Dataset records: Begin

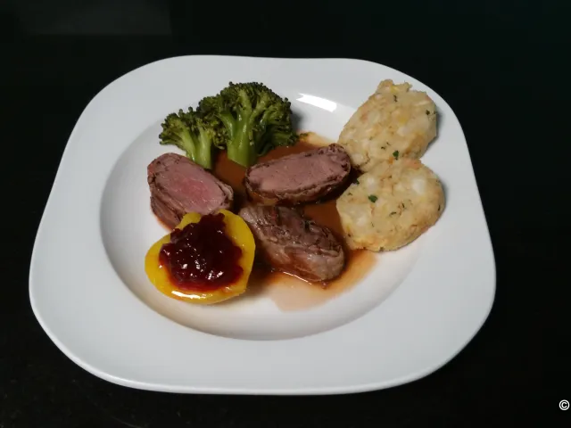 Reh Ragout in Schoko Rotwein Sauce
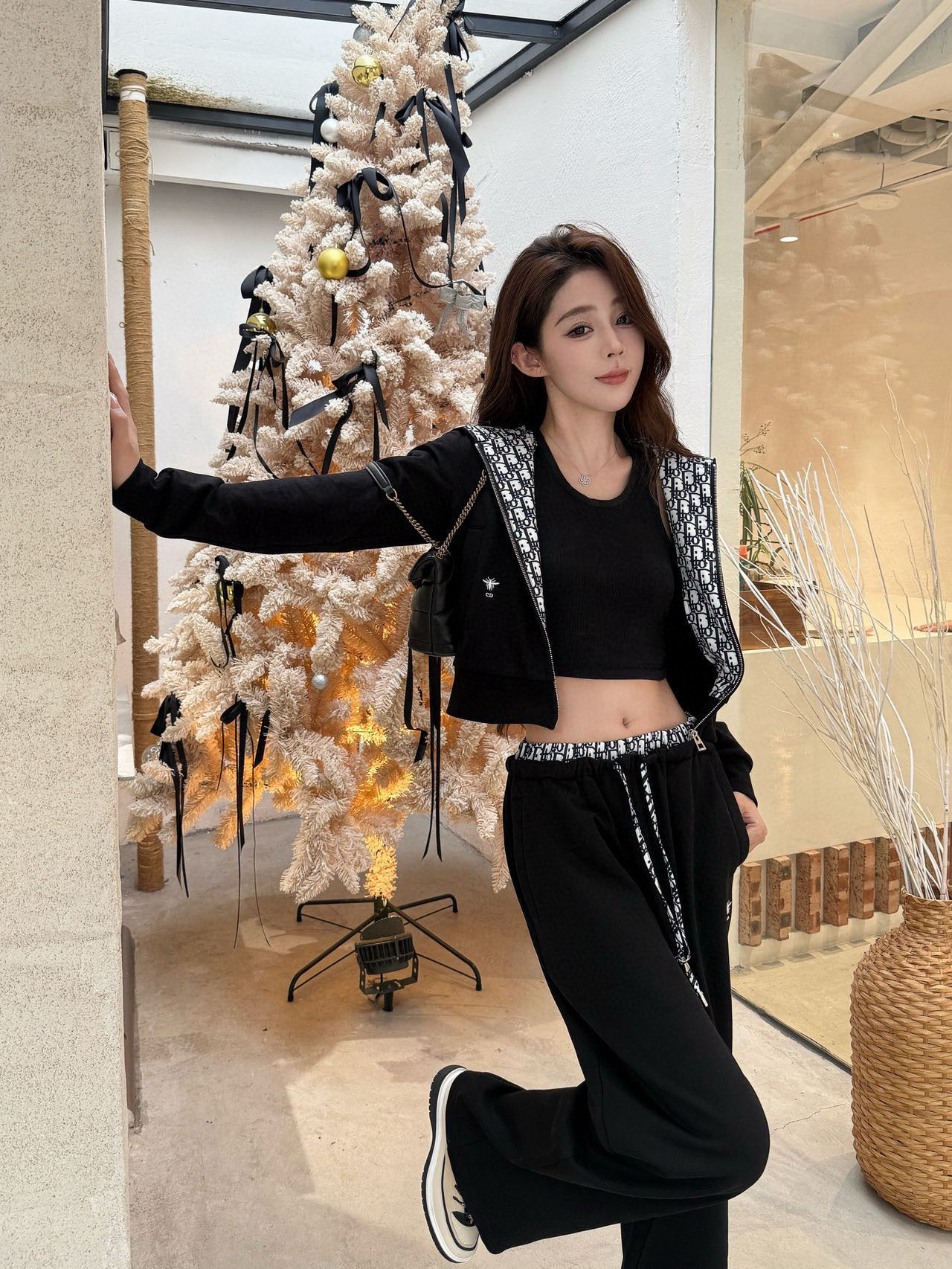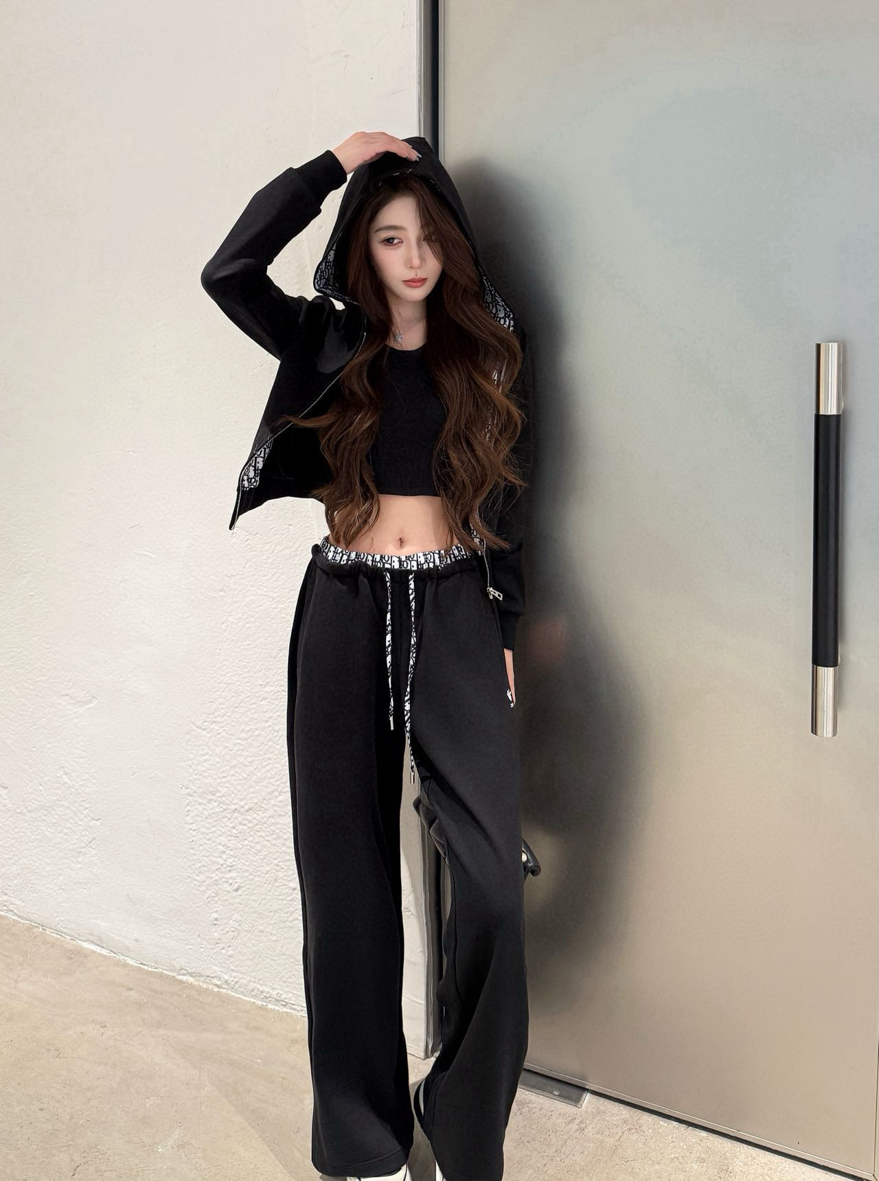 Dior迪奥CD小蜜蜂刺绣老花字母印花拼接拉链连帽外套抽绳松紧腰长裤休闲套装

Dataset records: End
Dataset records: Begin

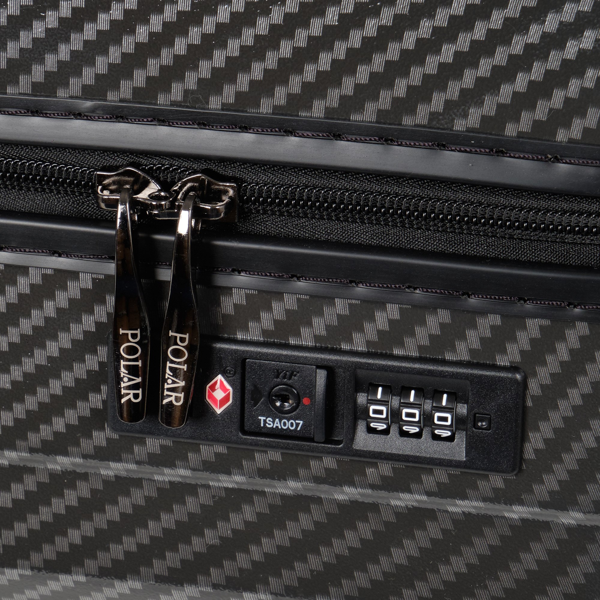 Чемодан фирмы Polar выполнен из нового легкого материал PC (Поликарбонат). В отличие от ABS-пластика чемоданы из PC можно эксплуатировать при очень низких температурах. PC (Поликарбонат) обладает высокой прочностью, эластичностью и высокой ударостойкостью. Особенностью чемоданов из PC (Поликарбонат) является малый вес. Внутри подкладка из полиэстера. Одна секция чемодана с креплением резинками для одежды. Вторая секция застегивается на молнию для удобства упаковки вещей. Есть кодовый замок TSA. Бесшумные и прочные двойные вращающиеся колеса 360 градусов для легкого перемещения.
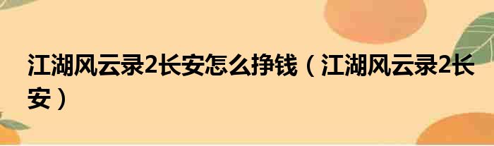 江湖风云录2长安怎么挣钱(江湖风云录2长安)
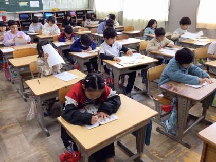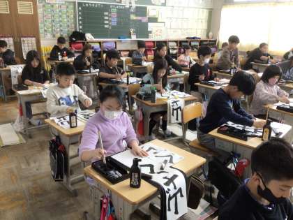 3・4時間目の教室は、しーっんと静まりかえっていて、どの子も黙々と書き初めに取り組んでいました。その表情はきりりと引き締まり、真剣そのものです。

Dataset records: End

**Try it**. An exact copy is needed of the stretch above that opens with the line containing "Reh Ragout in Schoko Rotwein Sauce" and closes with the line containing "Dior迪奥CD小蜜蜂刺绣老花字母印花拼接拉链连帽外套抽绳松紧腰长裤休闲套装"; the pictures are not part of it.

**Reply**.
 Reh Ragout in Schoko Rotwein Sauce
 Dior迪奥CD小蜜蜂刺绣老花字母印花拼接拉链连帽外套抽绳松紧腰长裤休闲套装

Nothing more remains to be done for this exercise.